If your child recently graduated from high school or college and is starting a full-time job with benefits, now is a good time to review relevant tax issues.

New hires should make sure they set the right level of withholding. They are asked to complete Form W-4, "Employee's Withholding Allowance Certificate," to allow the employer to calculate how much federal and state income tax to withhold from each paycheck. More withholding allowances result in less income tax being deducted.

Graduates starting a new job may be eligible to receive benefits provided by their employer. The type of benefits offered will vary from employer to employer.

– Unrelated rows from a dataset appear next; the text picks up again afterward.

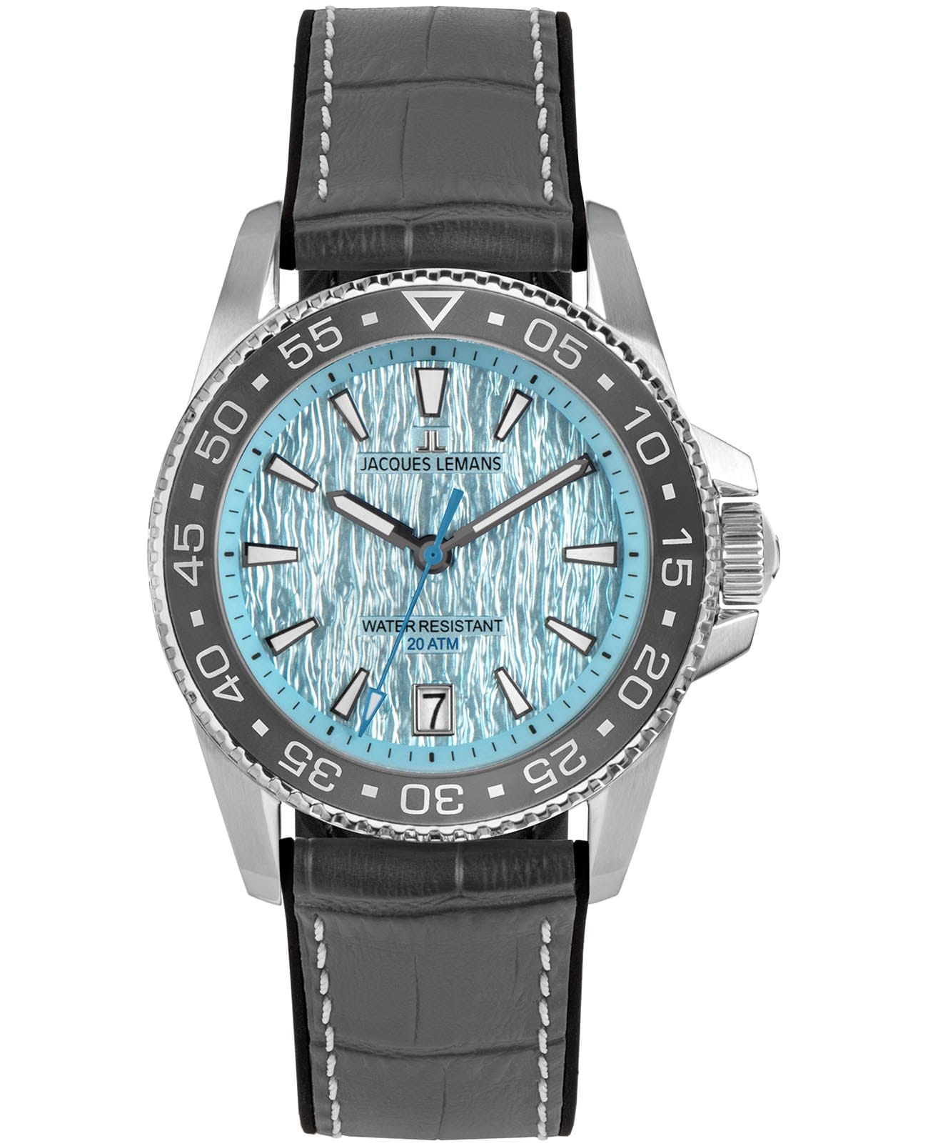 Мужские спортивные часы Jacques Lemans Liverpool Diver 1-2205F представляют собой стильный аксессуар, отражающий идеальное сочетание современного дизайна, надёжности и функциональности. Корпус из нержавеющей стали диаметром 41 мм идеально сбалансирован и элегантен. Ударопрочное минеральное стеклоМинеральное стеклоМинеральное стекло представляет собой искусственно выращенный минерал кварца. Такое стекло отличается особой устойчивостью к повреждениям и царапинам. Уступает по некоторым качествам сапфировому стеклу. Crystex защищает циферблат от царапин. Широкий безельБезельВнешний ободок, закрепляющий стекло. В спортивных часах так называется поворотное кольцо с делениями на циферблате, выполняет роль таймера – замеряет отрезки времени на шкале. Неподвижный безель – элемент декора. Однонаправленно вращающийся безель на дайверских часах позволяет фиксировать моменты погружения и выныривания на поверхность. с PVD-покрытиемPVDУльтратонкое покрытие наносится в технике вакуумного напыления, сочетает в себе нитрид титана особой прочности со слоем золота или оксида хрома. Несёт в себе декоративную или защитную функцию., на который вынесена дополнительная индикация секунд. Ремешок черного цвета состоит из двух частей: внутренняя сделана из силикона, материала, который не боится повышенной влажности, внешняя — из натуральной кожи. Водозащита 200 метров позволит плавать, нырять и заниматься другими водными видами спорта. Стрелки и метки с люминесцентным покрытиемЛюминесцентное покрытиеПозволяет считывать показания времени в темноте. Производители наносят на стрелки, часовые индексы, безель или поверхность циферблата светонакопительный состав, дающий холодное свечение. позволяющие легко определять время даже в темноте. Окошко даты находится в положении 6 часов. Это аксессуар для мужчины, который ценит классический стиль и функциональность.
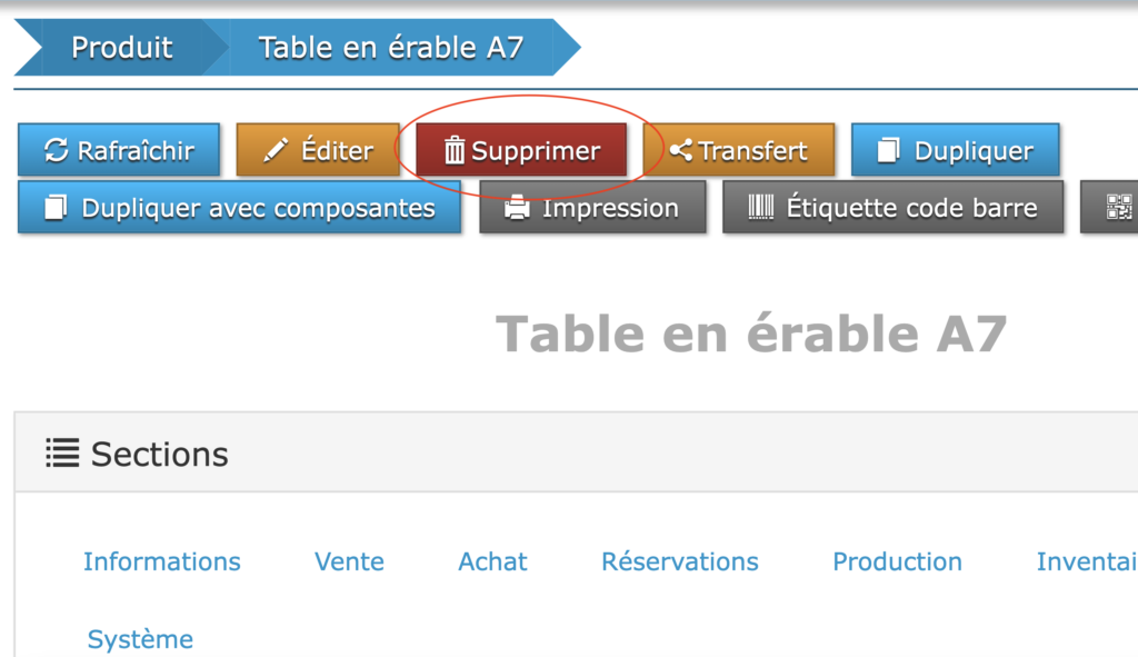 Le système ERP est conçu pour lier les données les unes entre les autres. En d’autres mots, si un produit est lié à des achats et ventes , vous aurez le choix entre supprimer les opérations ou les déplacer vers un autre produit pour les conserver.
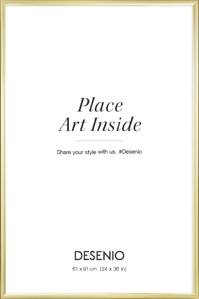 Moldura de metal dourado 70x100 cm feita de alumínio dourado. A nossa moldura de metal dourado é equipada com um vidro acrílico leve e inquebrável. O vidro acrílico é protegido em ambos os lados por uma película protetora que deve ser removida antes do uso. Esta moldura está equipada com dois ganchos de metal na parte traseira, para permitir a colocação vertical e horizontal na parede. A moldura abre na parte de trás usando os clipes de metal, facilitando assim o enquadramento da sua arte.
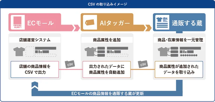 これまで、「AIタッガー」が提供するECモールで使用されるフォーマット(例:CSVファイル)は、「通販する蔵」に登録するためには専用フォーマットへの再加工が必要でした。しかし、新たな機能が追加されることで、これらのフォーマットを再加工せず、そのまま取り込むことができるようになりました。
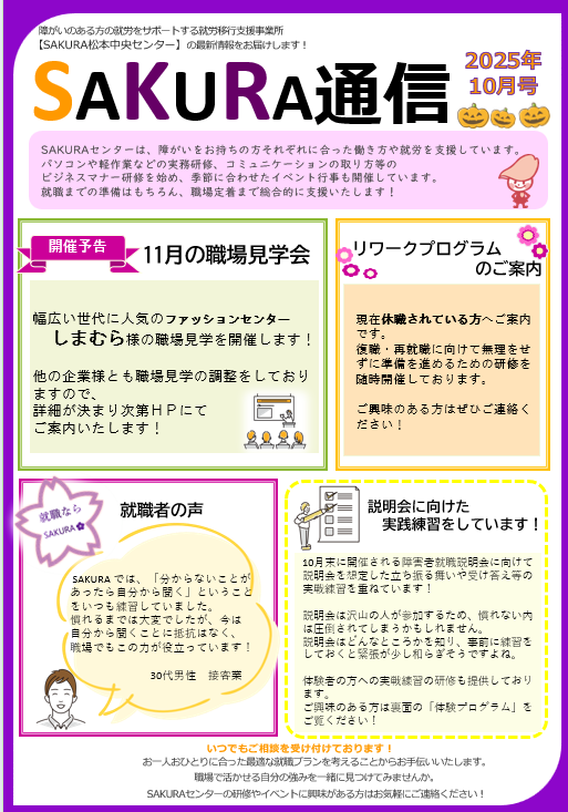 SAKURA松本中央センターには、就職に向けて頑張っている利用者様が数多くいらっしゃいます。
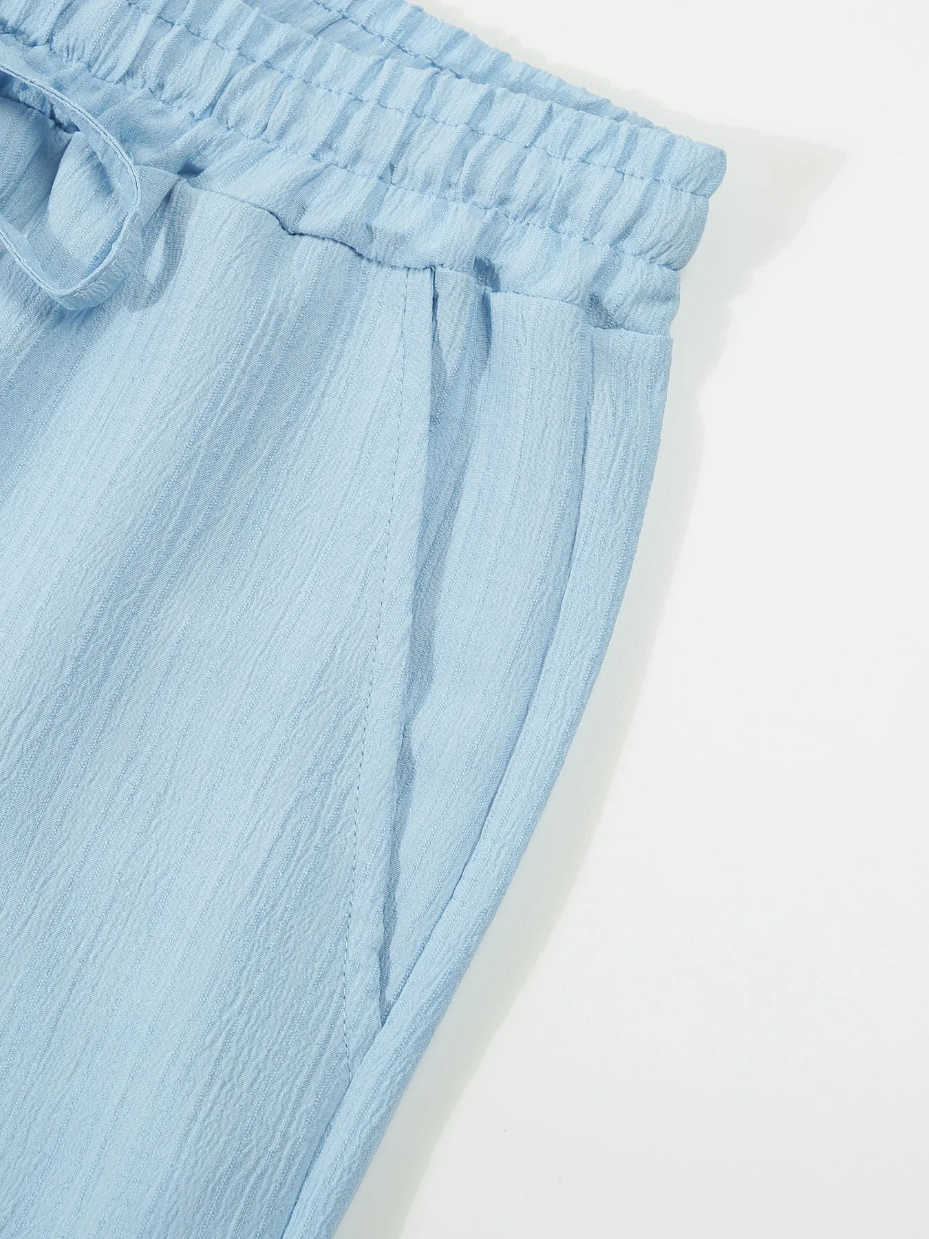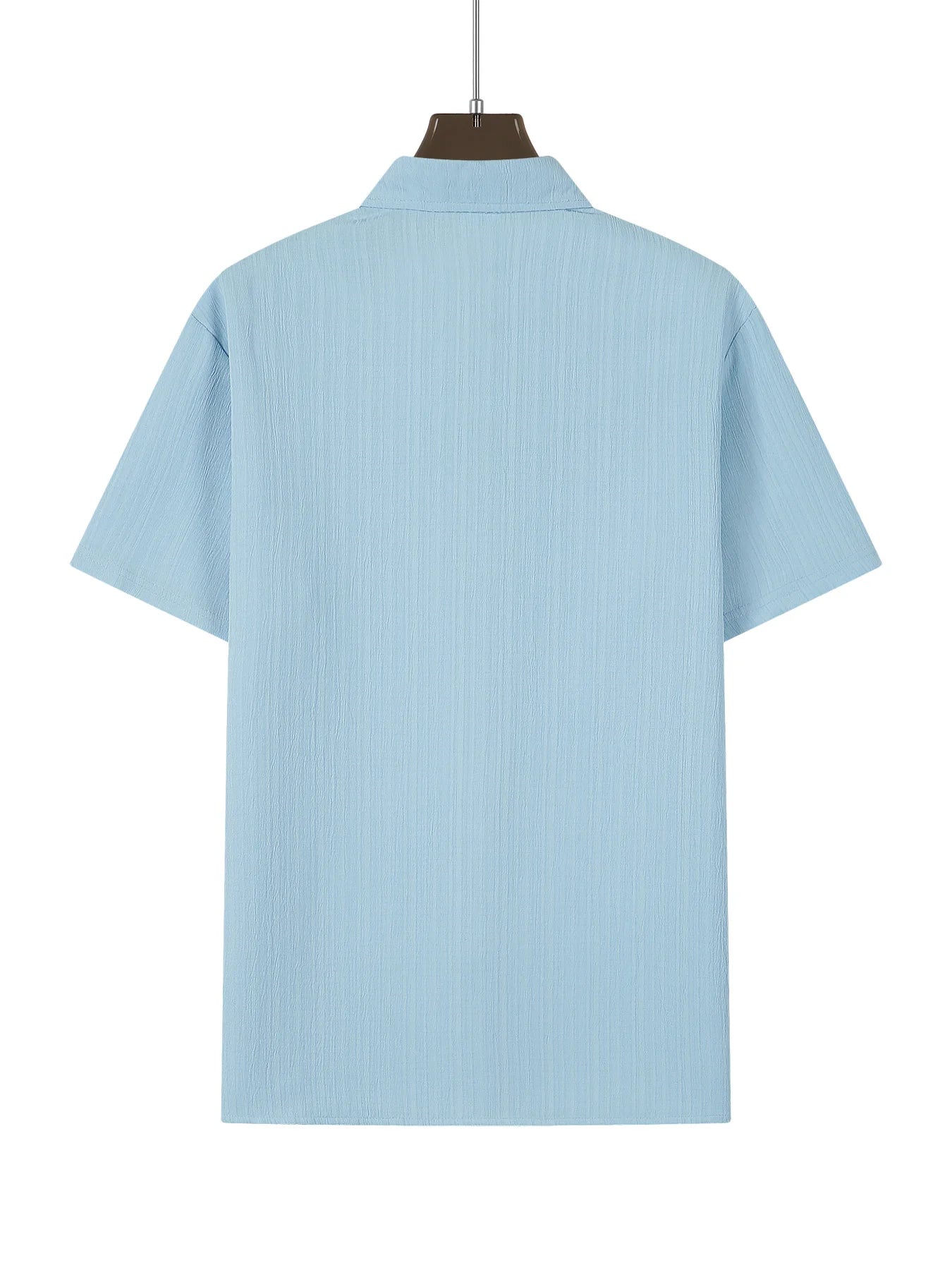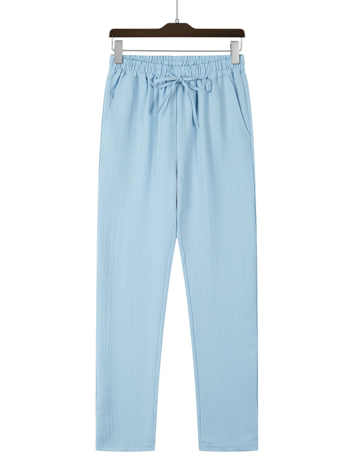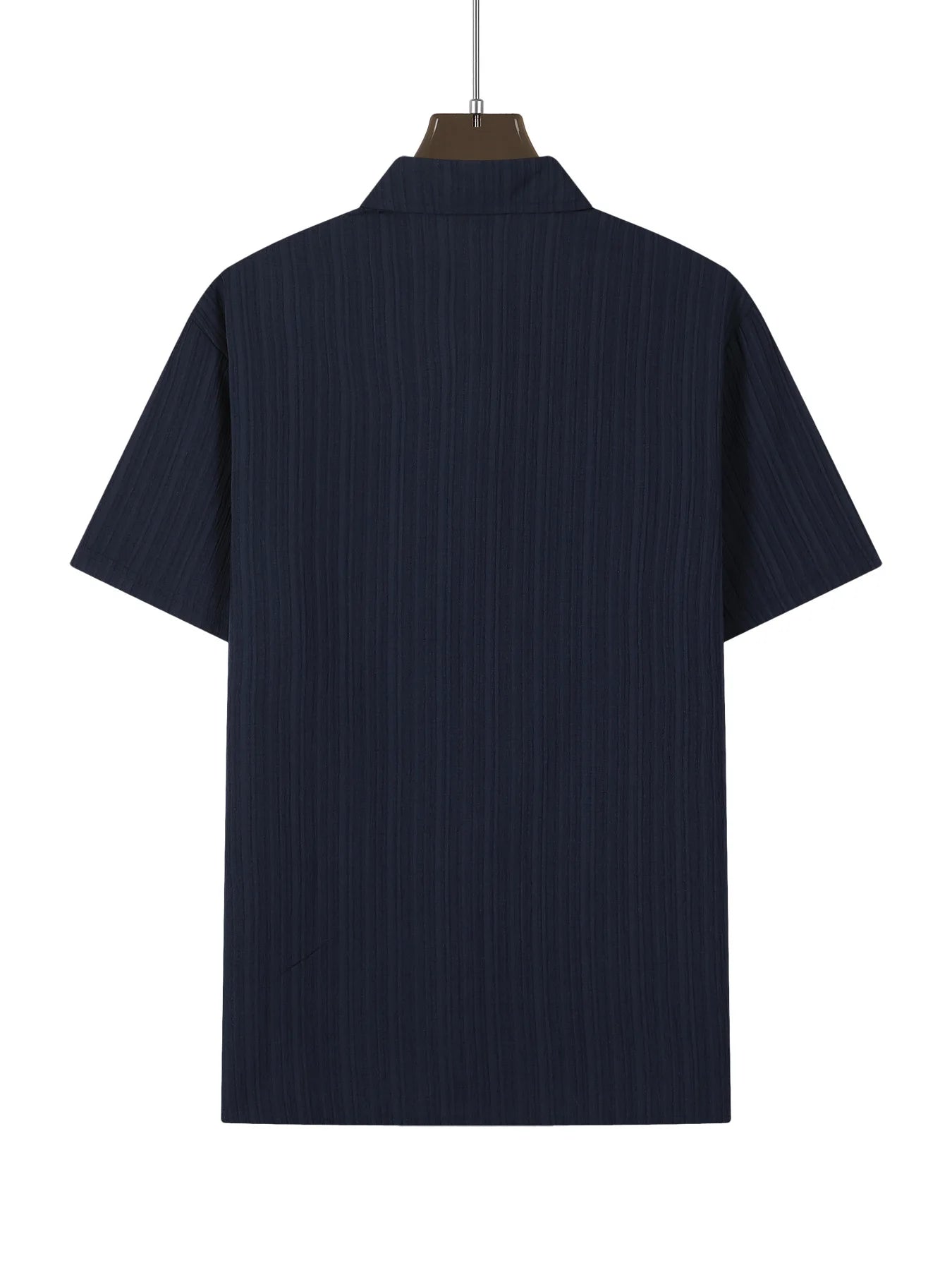 Mens Casual Stripe Two Piece Sets Solid Color Lapel Short Sleeve Tops And Long Pants Suits Spring Summer Sports Streetwear Cloth

Typical employee benefits include:

    • Health insurance benefits - Some employers subsidize the cost of health insurance premiums, with the employee paying a portion and the employer paying the remainder. Other employers have employees pay the full cost of the benefits.

Amounts paid by the employer aren"t added to gross pay. These payments are not subject to the federal income tax, Social Security and Medicare taxes, and possibly state income taxes.

    • Medical expense reimbursement - Some employers offer reimbursements for out-of-pocket medical expenses. Reimbursements may be made directly by the employer or through a flexible spending account (FSA) or a health savings account (HSA).

These two types of accounts have subtle differences. FSAs must be used up during the year, and any unspent funds are forfeited. HSAs can accumulate funds year after year without a forfeiture feature.

Some employers fund all or part of the HSA, which is tax-free to the employee. Funds contributed by an employee to an HSA may be tax-deductible.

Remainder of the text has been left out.